When it comes to movies that explore the vast mysteries of life, we've all been well trained to accept the most banal life-force crapola about love, death and family relationships. But sex -- which, you could argue, is the source of life's most damnably confounding mysteries -- is still the final frontier. There are plenty of trembling, anxious watchdogs of the culture who have been claiming for years that there's too much sex in American movies, when the reality is that there is hardly any at all. What we do have is a whole lot of people rolling around in artfully mussed beds, sheets arranged to cover their privates just so -- a hurried, embarrassed shorthand stroke for something whose letters we don't dare to spell out.

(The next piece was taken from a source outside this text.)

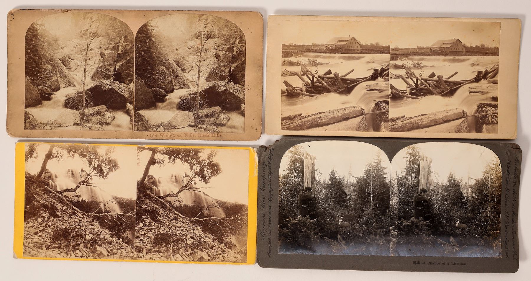 4 Western US stereoviews. 2x Cascade of St. Anthony, deer hunting, Whitewood Falls. [

Steven Shainberg's strange and wonderful "Secretary" spells out the letters and more, but not in an orderly, comfortable way -- it's more as if he were spilling them like dice out of a cup, as a kind of jarring reassurance that they're not going to immediately make sense to us. That Shainberg does ultimately make sense of them (as much sense as we can reasonably demand of the human heart and the other organs that spring to attention at its merest whim) will probably rattle some people. "Secretary" has already been referred to as "pornographic" and "disturbing" by some critics. But both of those words suggest a kind of deliberate prurience that the movie just doesn't have. It's a liberating, kindhearted picture, one whose ending brings with it the feeling that something has finally been shaken free. How comfortable you feel with that is completely up to you.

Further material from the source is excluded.